• [Required work]
Please print the full listing below exactly, but not the pictures in it.

• [Material provided]
****************************************

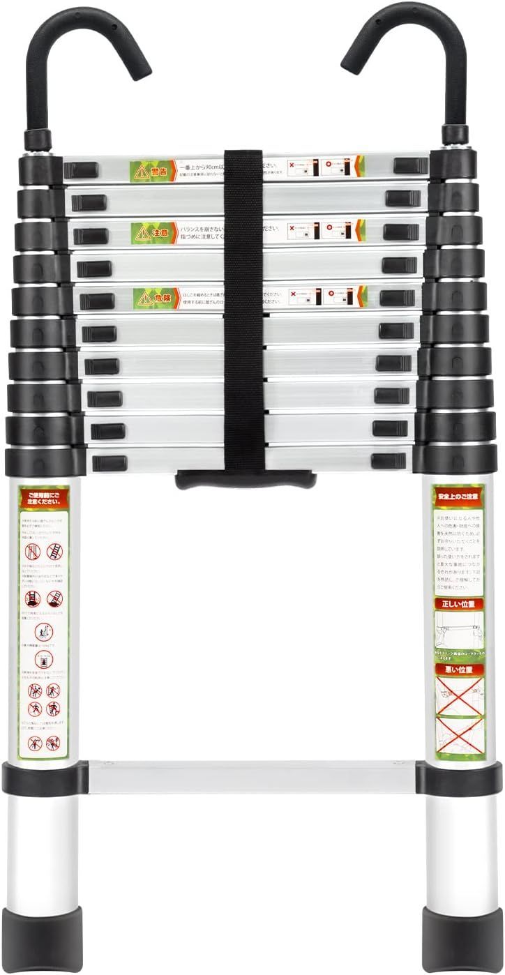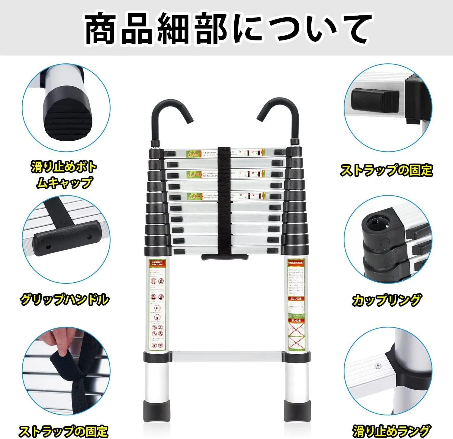 (W03シルバー3.2)伸縮はしご 耐荷重150kg 軽量 持ち運びやすい 折り畳み 伸縮梯子 多機能アルミはしご 自動ロック スライド式 伸縮自在 梯子 室内室外両用 スライド式 フック付き
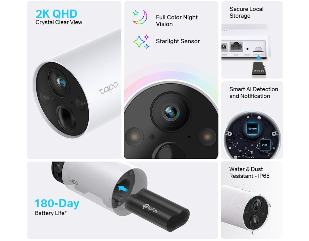 | Умная беспроводная система видеонаблюдения Tapo C420S2 с двумя камерами обеспечивает чёткое изображение в формате 2K QHD, цветное ночное видение и ИИ-обнаружение людей, животных и автомобилей. До 180 дней автономной работы и защита по стандарту IP65 делают её отличным решением для улицы. |
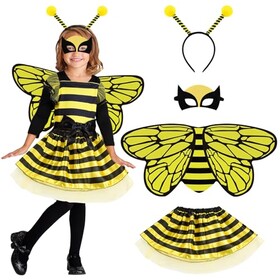 HTTDSLF Hummel Bienen Kostüm für Kinder Mädchen, Bienenkostüm Kinder mit Flügeln Stirnband Streifen Rock für Karneval Halloween

****************************************

• [Solution for this task]
 (W03シルバー3.2)伸縮はしご 耐荷重150kg 軽量 持ち運びやすい 折り畳み 伸縮梯子 多機能アルミはしご 自動ロック スライド式 伸縮自在 梯子 室内室外両用 スライド式 フック付き
 | Умная беспроводная система видеонаблюдения Tapo C420S2 с двумя камерами обеспечивает чёткое изображение в формате 2K QHD, цветное ночное видение и ИИ-обнаружение людей, животных и автомобилей. До 180 дней автономной работы и защита по стандарту IP65 делают её отличным решением для улицы. |
 HTTDSLF Hummel Bienen Kostüm für Kinder Mädchen, Bienenkostüm Kinder mit Flügeln Stirnband Streifen Rock für Karneval Halloween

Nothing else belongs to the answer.